Information supplied:

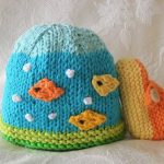 Şiş ile örülen düz örgü tekniği kullanılan balık motifleri dikilmiş hoş bir bere ve turuncu sarı haraşo örgülü patik modeli..
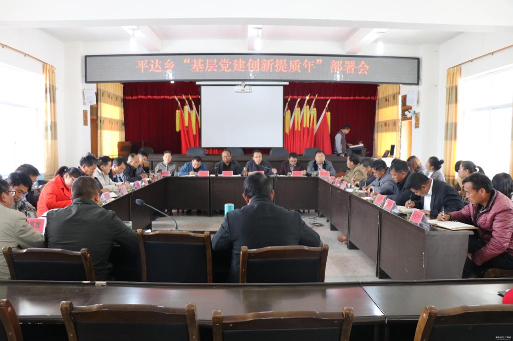 会议传达学习了全县“基层党建创新提质年”工作部署会议精神,并对平达乡“基层党建创新提质年”工作做了全面安排部署,明确了2019年基层党建工作任务。
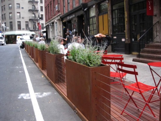 Taking the place of several parking spaces, the outdoor seating doesn’t conflict with the sidewalk traffic, and it’s a project that the DOT is more than happy to support. “Every time we put down just an orange barrel, people just materialize out of nowhere,” said Transportation Commissioner Janette Sadik-Khan to Streetsblog. “If you build it, they will sit.”
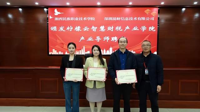 11月3日上午,湘西民族职业技术学院与深圳易财信息技术有限公司共建的“柠檬云智慧财税产业学院”签约仪式在学校D区报告厅举行。仪式以“同心筑梦,共赢数智财经新时代”为主题,标志着校企双方在深化产教融合、共育智慧财税人才方面迈出关键一步。学校党委书记谢绍猛,党委委员、副校长吴娟,党委委员、副校长黄毅,深圳易财信息技术有限公司董事长刘刚,经济贸易学院师生代表共同出席活动。仪式由经济贸易学院党支部书记钟伟主持。
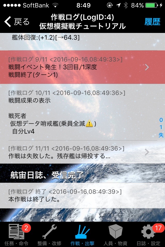 負けてからが本番になります。日誌は膨大になりますが、その中から負けの原因を突き止め、それを補う作戦を考え、装備や乗員を采配してください。ログ内検索システムを備えていますので、役に立つと思います。

What the task requires: The required output is the exact lines from the opening line of the entries through the line with "Taking the place", inclusive, without pictures.

Finished exercise:
 Şiş ile örülen düz örgü tekniği kullanılan balık motifleri dikilmiş hoş bir bere ve turuncu sarı haraşo örgülü patik modeli..
 会议传达学习了全县“基层党建创新提质年”工作部署会议精神,并对平达乡“基层党建创新提质年”工作做了全面安排部署,明确了2019年基层党建工作任务。
 Taking the place of several parking spaces, the outdoor seating doesn’t conflict with the sidewalk traffic, and it’s a project that the DOT is more than happy to support. “Every time we put down just an orange barrel, people just materialize out of nowhere,” said Transportation Commissioner Janette Sadik-Khan to Streetsblog. “If you build it, they will sit.”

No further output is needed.